July 2014

Dr John Andrzejowski, Sheffield.  1. Does Prone Positioning Increase Intracranial Pressure? A Retrospective Analysis of Patients with Acute Brain Injury and Acute Respiratory Failure. Neurocrit Care. 2014 Jul 2. [Epub ahead of print] Roth C1Ferbert ADeinsberger W, et al Studies looking at ICP changes and prone position have been contradictory. In this study the authors studied patients with ICP monitoring who had to be turned prone for a variety of (respiratory mainly) indications. A post hoc analysis was carried out on the 29 patients with ICP monitoring who were treated with prone positioning (PP) from 2007 to 2013 in a German intensive care unit. Prone positioning was performed in a 135° position (ie not fully proned; the head was rotated so venous drainage could have been compromised) for 8 h per treatment unit for an average of 2.5 days per patient. The mean baseline ICP in supine patients was 9.5 ± 5.9 mmHg and was increased significantly to 15.4 ± 6.2 mmHg during PP. (p < 0.0001). I was surprised to read that there was no significant difference between CPP in supine position vs PP (82 vs 80 mmHg) despite MAP in these patients decreasing from 73 to 65 mmHg in the prone position. The low baseline ICP still does not address the question of how individual patients with high ICP would tolerate PP. The authors state however that ICP values >20 mmHg occurred more often during PP than SP and were associated with significantly more episodes of decreased CPP <70 mmHg. The main positive finding that the authors feel justifies proning sick patients with potential intracerebral pathology is the fact that mean paO2/FiO2 ratio (P/F ratio) was increased significantly in PP. ‘Our study shows a moderate, yet significant elevation of ICP during prone positioning. However, the achieved increase of oxygenation by far exceeded the changes in ICP’. Prone positioning is not to be undertaken lightly in neuro patients since clinical monitoring (eg pupils etc) is very difficult. I suspect that patients with higher ICP to start with will be more affected although the study does not look a this. Patients who may need PP should have ICP monitoring inserted if there is a chance that CPP may affect outcome.

  1. Laryngeal mask airway versus endotracheal tube for percutaneous dilatational tracheostomy in critically ill adult patients.

Strametz R, Pachler C, Kramer JF, et al. Cochrane Database of Systematic Reviews 2014, Issue 6. I found this recent review after a colleague raised an eyebrow when I said I wanted to use an LMA to facilitate a percutaneus dilatational tracheostomy (PDT) in a patient who had gone off on the NITU. They were starved and had an easy airway. This Cochrane review looked at the safety and effectiveness of Endotracheal tube (ETT) versus Laryngeal mask (LMA) in critically ill adult patients undergoing PDT on the ICU. Eight RCTs involving 467 participants were included. All studies had between 40 and 73 participants This review addresses the following research questions:

  1. Is an LMA more effective than an ETT in terms of procedure-related or all-cause mortality?

Only one study reported the number of people who died, and the results were too uncertain for researchers to determine how use of ETT or LMA affected mortality. No procedure-related death was reported for any intervention.

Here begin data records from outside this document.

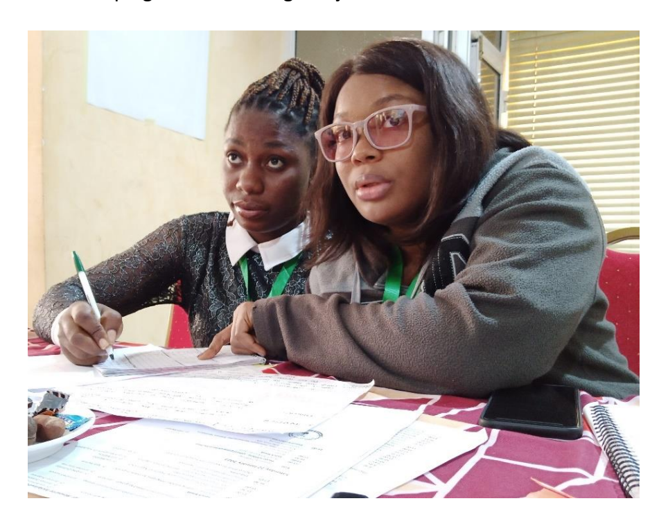
"The course gave me better understanding of conservation project writing including the concepts of long, medium- and short-term impacts"

Civil societies often face challenges in sustaining conservation impacts due to a lack of capacity to leverage resources. Related, is a lack of skills to develop quality projects to match what funders want while keeping to their strategic objectives.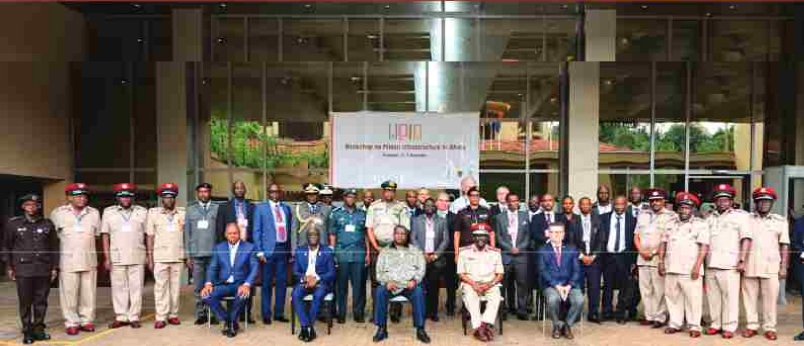
DELEGATES OF PRISONS INFRASTRUCTURE IN AFRICA WORKSHOP GATHER IN KAMPALA, UGANDA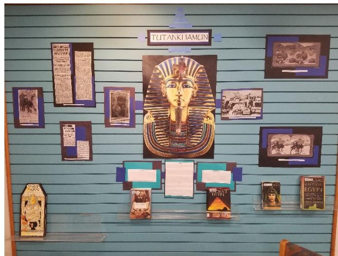
King Tutankhamun Wall Exhibit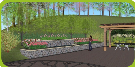
Preview of the Dr. Ronald E. Carrier 80th Birthday commemorative water feature

Committee members are making plans for a proposed new Monarch Waystation near the Plecker Pond Loop Accessible Trail and creating an inventory of butterfly food and nursery plants for the garden. The butterfly garden will include both upland and wetland nectar plants that will provide habitat and will accent the wet areas near the bald cypress tree by the main pond.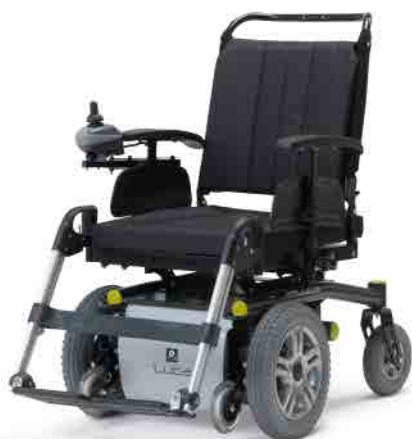
LUCA front-wheel drive with E-QLASS seating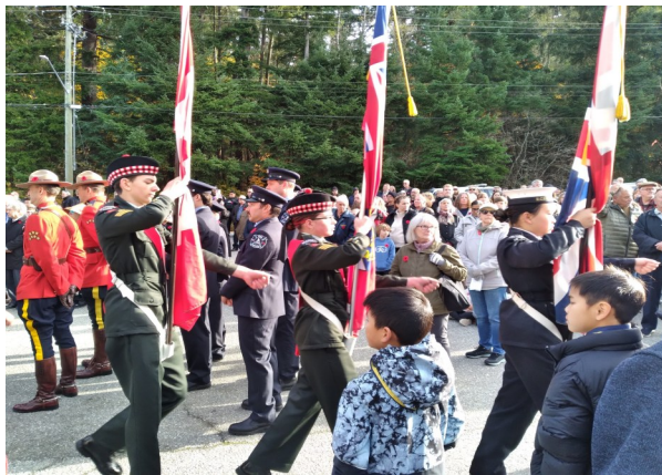
Colour guard at Crescent Beach Legion 240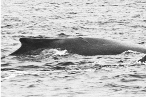
1043 healed injury October 1998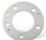
7mm Wheel Spacer 1965-1969 911/912 Factory Aluminum Spacer As Original 901-352-413-00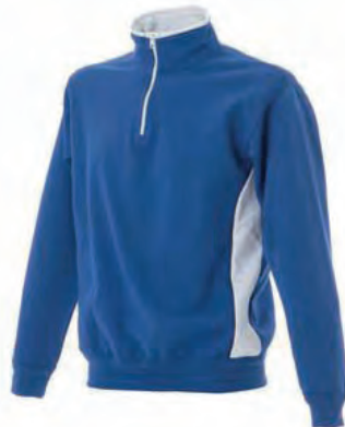
ROYAL/WHITE 989552 details NAVY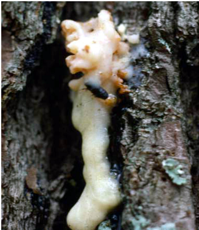
Figure 13. Pitch tube, a possible sign of an Ips engraver beetle infestation.

involve promoting tree vigor and reducing the amount of vulnerable host material within the stand.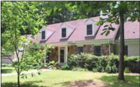
MLS 1688434 - 324 Rattlesnake Springs Rd., Sewanee. 4.9 acres. $349,500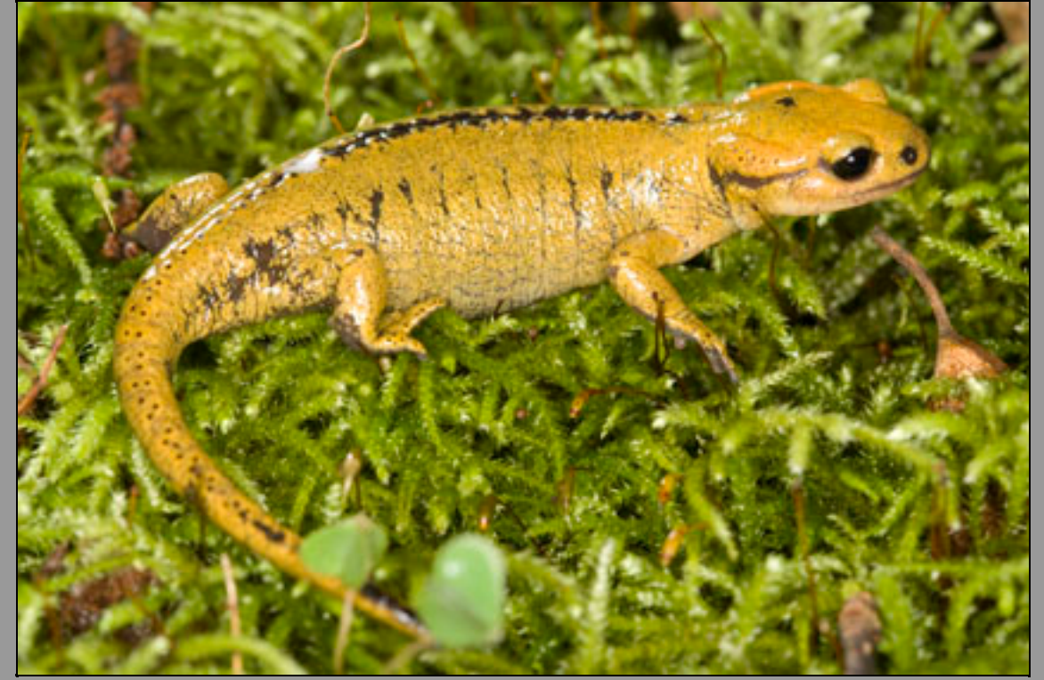
Fire Salamander (Salamandra salamandra alfredschmidti)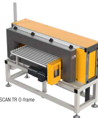
EL-TRISCAN TR O-frame

The traversing O-frame (NRS50) and C-frame (NRS60) systems offer precise profile acquisition using laser triangulation, chromatic-confocal, or interferometric sensors.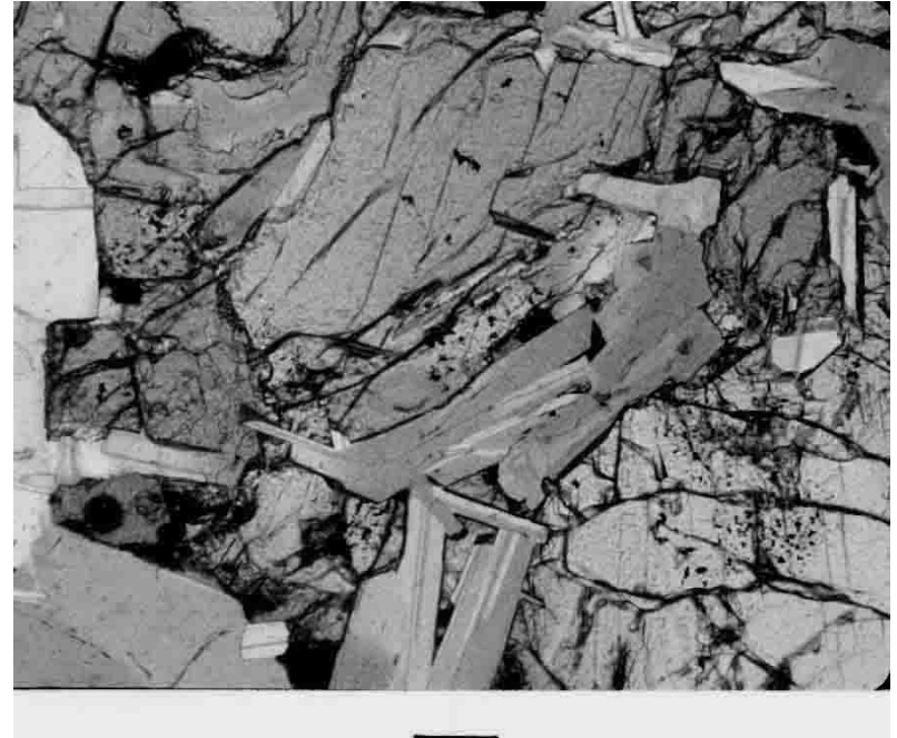
1 mm<sup>1</sup> 14053,6

  1. Is an LMA safer than an ETT in terms of procedure-related life-threatening complications during a PDT procedure?

Some studies showed that fewer adverse events occurred when ETT was used and some reported fewer adverse events in the LMA group. Overall, neither method was superior in terms of preventing adverse events. The tally of participants in included studies with adverse events ranged from 0% to 33% in the LMA group and from 0% to 50% in the ETT group

  1. Does use of an LMA influence the conditions for performing a tracheostomy (e.g. duration of procedure)?

Use of LMA seems to shorten the duration of the procedure with improved visibility conditions for the physician, and this shortens the period during which the airway is insecure. (mean difference -1.46 minutes, 95% CI -1.92 to -1.01 minutes, 324 participants, P value _ 0.00001, low-quality evidence). There were no differences in fatal loss of airway, desaturation or post procedural pneumonia or aspiration. It seems like both techniques have complications and that LMA is no worse although the authors urged caution due to the low numbers and poor data. Studies focusing on late complications and relevant patient-related outcomes are necessary for definitive conclusions on safety issues related to this procedure.